Extracted material:
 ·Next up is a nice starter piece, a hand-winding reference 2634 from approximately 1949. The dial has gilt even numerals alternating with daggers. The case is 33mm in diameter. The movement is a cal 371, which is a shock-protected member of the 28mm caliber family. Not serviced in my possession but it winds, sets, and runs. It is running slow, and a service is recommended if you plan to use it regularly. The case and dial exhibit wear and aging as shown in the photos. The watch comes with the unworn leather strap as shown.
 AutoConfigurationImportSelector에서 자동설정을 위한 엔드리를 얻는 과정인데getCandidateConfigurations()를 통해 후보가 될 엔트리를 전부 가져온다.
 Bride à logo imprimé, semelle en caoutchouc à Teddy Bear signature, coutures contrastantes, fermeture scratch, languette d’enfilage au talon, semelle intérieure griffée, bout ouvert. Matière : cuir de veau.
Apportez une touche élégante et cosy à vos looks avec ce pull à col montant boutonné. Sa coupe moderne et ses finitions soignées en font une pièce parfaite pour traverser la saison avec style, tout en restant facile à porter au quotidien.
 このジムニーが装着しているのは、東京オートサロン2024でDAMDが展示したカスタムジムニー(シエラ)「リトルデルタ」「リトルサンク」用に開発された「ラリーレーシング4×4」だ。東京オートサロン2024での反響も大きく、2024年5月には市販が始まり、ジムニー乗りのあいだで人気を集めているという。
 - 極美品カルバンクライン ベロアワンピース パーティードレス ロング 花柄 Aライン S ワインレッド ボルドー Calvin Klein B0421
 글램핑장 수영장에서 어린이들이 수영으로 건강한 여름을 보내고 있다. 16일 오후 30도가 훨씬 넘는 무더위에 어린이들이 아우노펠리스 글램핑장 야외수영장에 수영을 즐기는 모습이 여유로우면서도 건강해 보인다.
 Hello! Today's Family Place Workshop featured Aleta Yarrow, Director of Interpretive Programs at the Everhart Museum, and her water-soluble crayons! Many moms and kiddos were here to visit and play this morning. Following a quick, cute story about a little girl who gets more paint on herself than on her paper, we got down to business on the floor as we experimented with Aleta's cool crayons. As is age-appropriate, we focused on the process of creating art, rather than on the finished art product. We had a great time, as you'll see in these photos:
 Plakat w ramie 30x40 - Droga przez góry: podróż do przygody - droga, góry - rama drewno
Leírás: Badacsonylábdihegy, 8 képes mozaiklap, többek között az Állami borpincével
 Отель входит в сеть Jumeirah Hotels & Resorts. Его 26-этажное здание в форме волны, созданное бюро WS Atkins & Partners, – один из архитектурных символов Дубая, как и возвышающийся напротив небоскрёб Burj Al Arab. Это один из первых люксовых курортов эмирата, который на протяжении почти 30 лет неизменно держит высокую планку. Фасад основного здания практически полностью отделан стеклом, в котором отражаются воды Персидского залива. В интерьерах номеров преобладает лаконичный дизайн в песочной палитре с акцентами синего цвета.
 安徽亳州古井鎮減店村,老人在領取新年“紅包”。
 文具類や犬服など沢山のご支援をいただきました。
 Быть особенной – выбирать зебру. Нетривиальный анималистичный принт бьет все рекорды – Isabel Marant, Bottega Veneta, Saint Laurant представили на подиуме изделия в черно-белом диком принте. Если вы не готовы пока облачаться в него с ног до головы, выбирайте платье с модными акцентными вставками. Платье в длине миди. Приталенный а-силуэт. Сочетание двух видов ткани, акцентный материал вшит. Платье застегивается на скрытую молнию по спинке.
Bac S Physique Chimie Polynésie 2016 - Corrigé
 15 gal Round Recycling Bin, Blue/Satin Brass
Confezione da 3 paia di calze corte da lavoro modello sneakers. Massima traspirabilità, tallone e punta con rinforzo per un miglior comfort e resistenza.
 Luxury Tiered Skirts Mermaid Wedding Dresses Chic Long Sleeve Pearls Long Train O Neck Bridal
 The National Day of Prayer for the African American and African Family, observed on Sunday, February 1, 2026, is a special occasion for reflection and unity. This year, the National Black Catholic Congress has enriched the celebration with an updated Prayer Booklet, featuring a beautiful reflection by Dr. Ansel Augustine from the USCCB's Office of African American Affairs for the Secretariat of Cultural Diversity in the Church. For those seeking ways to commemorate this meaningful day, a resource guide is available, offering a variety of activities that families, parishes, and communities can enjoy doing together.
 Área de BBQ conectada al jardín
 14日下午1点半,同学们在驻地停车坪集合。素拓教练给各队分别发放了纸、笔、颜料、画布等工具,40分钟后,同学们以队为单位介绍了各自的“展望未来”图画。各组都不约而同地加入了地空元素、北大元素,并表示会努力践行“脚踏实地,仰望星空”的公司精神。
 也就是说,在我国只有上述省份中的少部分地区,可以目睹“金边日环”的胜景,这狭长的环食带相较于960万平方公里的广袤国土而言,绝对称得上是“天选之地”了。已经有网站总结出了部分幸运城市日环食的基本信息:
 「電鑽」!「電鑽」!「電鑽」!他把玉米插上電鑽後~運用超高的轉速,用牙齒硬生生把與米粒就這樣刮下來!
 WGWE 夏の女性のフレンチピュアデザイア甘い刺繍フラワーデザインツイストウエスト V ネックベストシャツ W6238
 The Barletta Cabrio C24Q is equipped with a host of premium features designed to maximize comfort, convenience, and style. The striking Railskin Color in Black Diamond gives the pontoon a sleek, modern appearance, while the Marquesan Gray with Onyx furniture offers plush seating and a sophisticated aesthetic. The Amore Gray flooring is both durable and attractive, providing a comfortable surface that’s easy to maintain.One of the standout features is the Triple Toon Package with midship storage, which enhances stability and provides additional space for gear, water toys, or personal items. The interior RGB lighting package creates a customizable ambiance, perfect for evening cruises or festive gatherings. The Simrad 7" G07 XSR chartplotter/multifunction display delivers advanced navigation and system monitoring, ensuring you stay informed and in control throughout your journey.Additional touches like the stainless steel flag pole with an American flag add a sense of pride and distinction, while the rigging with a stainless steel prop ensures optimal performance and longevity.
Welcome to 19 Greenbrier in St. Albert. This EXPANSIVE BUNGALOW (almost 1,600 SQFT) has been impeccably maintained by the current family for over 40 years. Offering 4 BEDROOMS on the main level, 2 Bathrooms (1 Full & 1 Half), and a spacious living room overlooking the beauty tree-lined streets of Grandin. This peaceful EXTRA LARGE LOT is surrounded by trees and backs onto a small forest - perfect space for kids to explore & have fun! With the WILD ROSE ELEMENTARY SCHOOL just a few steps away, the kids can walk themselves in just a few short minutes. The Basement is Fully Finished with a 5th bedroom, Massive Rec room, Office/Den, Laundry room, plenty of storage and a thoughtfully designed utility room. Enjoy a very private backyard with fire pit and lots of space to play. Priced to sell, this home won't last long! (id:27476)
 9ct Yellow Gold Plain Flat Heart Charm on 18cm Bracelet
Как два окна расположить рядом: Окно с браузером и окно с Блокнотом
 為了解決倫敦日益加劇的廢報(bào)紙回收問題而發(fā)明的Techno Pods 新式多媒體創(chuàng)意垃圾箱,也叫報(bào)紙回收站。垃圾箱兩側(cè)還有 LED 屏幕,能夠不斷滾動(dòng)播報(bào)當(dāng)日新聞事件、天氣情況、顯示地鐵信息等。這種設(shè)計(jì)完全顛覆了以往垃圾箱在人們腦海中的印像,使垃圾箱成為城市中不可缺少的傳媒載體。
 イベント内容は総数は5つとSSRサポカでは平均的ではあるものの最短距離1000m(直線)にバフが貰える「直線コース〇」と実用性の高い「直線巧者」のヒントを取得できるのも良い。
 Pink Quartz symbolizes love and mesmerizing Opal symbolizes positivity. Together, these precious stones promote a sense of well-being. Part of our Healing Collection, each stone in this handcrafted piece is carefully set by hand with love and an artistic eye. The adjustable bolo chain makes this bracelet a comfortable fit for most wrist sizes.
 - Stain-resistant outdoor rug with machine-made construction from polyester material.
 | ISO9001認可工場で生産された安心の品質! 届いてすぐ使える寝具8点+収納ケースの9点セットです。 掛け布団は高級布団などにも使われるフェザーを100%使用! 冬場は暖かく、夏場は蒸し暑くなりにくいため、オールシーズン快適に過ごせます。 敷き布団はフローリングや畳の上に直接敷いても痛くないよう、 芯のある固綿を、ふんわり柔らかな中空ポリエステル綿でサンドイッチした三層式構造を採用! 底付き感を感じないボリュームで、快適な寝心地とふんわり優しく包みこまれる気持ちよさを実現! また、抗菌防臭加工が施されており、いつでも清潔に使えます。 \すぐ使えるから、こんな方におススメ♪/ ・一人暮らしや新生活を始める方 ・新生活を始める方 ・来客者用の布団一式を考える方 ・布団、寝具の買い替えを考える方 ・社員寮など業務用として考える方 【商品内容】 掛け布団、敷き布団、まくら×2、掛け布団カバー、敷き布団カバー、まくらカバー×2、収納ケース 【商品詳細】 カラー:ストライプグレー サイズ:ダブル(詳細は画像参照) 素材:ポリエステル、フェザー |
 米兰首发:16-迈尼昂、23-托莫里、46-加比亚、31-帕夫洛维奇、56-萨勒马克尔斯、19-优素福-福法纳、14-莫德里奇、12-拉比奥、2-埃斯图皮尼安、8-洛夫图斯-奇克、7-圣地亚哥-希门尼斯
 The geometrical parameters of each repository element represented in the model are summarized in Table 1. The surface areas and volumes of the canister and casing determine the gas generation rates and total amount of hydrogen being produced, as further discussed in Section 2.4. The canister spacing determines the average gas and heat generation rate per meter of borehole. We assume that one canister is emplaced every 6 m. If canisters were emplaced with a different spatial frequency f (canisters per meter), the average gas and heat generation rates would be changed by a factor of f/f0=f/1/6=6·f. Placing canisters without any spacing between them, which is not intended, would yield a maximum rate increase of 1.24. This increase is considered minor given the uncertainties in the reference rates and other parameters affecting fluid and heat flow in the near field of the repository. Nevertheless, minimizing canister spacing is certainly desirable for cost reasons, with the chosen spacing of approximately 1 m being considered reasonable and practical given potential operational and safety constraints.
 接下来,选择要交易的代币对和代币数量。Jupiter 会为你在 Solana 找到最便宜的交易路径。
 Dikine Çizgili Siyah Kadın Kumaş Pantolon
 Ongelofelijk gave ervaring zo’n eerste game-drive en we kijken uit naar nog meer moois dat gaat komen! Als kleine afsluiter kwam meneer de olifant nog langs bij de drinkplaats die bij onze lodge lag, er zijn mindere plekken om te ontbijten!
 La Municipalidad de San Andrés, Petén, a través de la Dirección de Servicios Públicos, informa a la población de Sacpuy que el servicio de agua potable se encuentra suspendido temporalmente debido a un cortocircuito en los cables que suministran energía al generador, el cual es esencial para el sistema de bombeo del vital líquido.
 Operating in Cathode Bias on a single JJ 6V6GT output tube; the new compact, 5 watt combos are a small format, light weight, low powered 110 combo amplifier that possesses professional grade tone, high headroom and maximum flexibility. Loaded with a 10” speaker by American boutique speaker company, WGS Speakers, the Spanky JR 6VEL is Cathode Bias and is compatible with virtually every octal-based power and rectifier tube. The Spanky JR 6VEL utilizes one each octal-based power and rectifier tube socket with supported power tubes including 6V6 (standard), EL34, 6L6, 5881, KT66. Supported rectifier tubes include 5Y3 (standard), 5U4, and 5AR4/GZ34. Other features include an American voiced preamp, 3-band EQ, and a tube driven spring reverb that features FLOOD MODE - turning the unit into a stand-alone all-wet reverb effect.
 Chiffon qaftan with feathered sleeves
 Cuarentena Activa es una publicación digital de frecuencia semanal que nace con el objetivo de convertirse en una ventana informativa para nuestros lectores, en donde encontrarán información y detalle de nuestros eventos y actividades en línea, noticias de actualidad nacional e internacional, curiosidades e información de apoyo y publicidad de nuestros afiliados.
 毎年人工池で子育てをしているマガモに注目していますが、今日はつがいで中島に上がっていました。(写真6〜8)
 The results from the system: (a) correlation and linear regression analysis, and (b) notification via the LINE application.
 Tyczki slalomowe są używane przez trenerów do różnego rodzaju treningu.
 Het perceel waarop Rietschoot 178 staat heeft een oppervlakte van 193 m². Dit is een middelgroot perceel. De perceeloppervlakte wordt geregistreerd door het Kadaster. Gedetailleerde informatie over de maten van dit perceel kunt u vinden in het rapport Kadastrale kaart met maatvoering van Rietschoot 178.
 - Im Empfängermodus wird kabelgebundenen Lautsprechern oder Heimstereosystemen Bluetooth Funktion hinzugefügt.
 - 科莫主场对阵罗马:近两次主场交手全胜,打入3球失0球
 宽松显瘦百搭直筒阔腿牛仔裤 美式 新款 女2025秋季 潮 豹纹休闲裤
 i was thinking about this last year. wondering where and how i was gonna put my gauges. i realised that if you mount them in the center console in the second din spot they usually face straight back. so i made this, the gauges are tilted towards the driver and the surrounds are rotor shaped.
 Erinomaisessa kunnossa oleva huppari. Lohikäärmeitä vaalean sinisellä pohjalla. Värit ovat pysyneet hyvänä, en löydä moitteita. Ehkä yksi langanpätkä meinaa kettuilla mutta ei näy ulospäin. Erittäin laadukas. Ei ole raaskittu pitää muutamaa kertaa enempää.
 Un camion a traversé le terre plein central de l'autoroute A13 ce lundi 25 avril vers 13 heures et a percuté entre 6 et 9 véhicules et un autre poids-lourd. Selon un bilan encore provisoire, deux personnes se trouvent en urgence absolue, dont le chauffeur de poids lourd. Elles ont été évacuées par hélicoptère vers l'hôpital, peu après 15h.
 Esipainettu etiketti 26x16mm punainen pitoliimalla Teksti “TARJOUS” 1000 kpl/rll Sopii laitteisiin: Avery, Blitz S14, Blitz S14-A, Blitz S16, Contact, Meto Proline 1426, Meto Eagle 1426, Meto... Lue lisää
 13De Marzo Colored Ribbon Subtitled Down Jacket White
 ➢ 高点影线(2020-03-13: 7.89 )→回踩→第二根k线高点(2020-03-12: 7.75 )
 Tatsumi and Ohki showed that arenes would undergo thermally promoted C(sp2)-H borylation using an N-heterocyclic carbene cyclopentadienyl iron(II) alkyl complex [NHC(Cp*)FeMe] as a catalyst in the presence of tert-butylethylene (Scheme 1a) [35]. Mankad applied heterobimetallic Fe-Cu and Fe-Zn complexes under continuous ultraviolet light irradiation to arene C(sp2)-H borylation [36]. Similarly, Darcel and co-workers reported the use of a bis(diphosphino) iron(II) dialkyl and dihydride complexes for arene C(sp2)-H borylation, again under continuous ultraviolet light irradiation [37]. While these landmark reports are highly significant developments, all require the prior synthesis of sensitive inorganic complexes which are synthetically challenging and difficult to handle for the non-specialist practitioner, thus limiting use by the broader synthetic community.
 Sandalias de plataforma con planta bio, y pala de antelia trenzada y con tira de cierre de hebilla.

Problem description:
Copy out all lines of the listing where the word "przez" appears.

Task answer:
 Plakat w ramie 30x40 - Droga przez góry: podróż do przygody - droga, góry - rama drewno
 Tyczki slalomowe są używane przez trenerów do różnego rodzaju treningu.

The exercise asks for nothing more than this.